While looking at the sphere, Ratcliffe and I met 12-year-old junior-volunteer Matthew Whitmore.
“My mom works at the desk, and somebody said I could be a junior volunteer and have a job here,” Whitmore said. “I wanted to do it.”
At the center, exhibits showing a variety of Adirondack habitats are labeled in a way that is designed to be thought-provoking.
“When you go out into the natural world, you might see it differently,” Ratcliffe said. “There are small and big stories that we want you to understand.”
For example, she said, the next time you find yourself hiking near a river, you might consider how “the ‘babbling brook’ part of a river is highly oxygenated and is probably a good place to look for fish.”
As for fish, they are there in abundance at the Wild Center’s aquaria, including a massive pike, a prehistoric-looking sturgeon and brook trout with their spotted bodies and red bellies.

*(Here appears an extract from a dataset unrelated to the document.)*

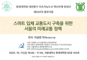 [환경대학원 대전환기 지속가능도시 혁신인재 양성단] 제202차 콜로키움 개최 안내 (10/17)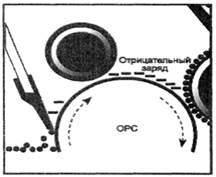 Рис. 7. Проявление изображения Это устройство называется проявляющим цилиндром. Во время вращения проявляющего цилиндра часть его поверхности находится в контакте с порошком тонера, который находится в резервуаре. Благодаря собственным магнитным свойствам, к нему притягиваются нейтрально заряженные частицы тонера. Когда проявляющий цилиндр поворачивается в направлении фоточувствительного барабана с изображением, уже нарисованным на нем лазером, специальные пластины снимают излишек тонера с поверхности цилиндра. Создавая на его поверхности тонкий равномерный слой тонера и подготавливая его к созданию видимого изображения. Электрические свойства проявляющего цилиндра изменяются под действием смещающего потенциала, который создан постоянным напряжением и переменным электрическим потенциалом. Величина потенциала, создающего постоянное смещение, изменяется пользователем, задающим насыщенность печатаемого изображения. Теперь проявляющий цилиндр предоставляет отрицательно заряженный тонер в расположение областей, засвеченных лазерным лучом, которые притягивают частицы тонера, становясь при этом более положительно заряженными, чем сам тонер. Переменное поле воздействует на постоянное смещение, создаваемое тонером, чтобы избежать появления отрицательного заряда на цилиндре и создать равномерное распределение тонера в пространстве. Это воздействие происходит с частотой 60 Гц и позволяет создать небольшой туман из частиц тонера, который воздействует на области, подвергшиеся лазерному излучению. Частицы тонера переносятся на фоточувствительный барабан в определенные места, которые имеют электрический заряд, и уже не могут вернуться на проявляющий цилиндр; 7. перенос изображения. Изображение уже существует на барабане в виде распределения частиц тонера. В лазерном принтере тонер переносят на бумагу за счет придания бумаге большого положительного потенциала (+600В). Этот потенциал создается с помощью вторичной короны (короны переноса), благодаря которой тонер «перепрыгивает» с барабана на бумагу (рис. 8).

The river otters are a highlight of the Wild Center. Their exhibit, which includes a small waterfall, is beautifully designed so that you can see the otters underwater. Watch an otter swim underwater, and you will be amazed by its sleek and streamlined design and by the speed and grace of its movements.
I had lunch at the center’s café, and then, in the comfortable, big-screen theater, I enjoyed a screening of “Flight of the Butterflies,” the featured film for the next year. The film tells the story of the migration of the monarch butterfly — and how the secrets of that migration began to be uncovered.
After the movie, I spoke with naturalist Kerri Ziemann about the Wild Center’s canoeing program. She said that it is a great way to get visitors, including families, to enjoy the outdoors at the center.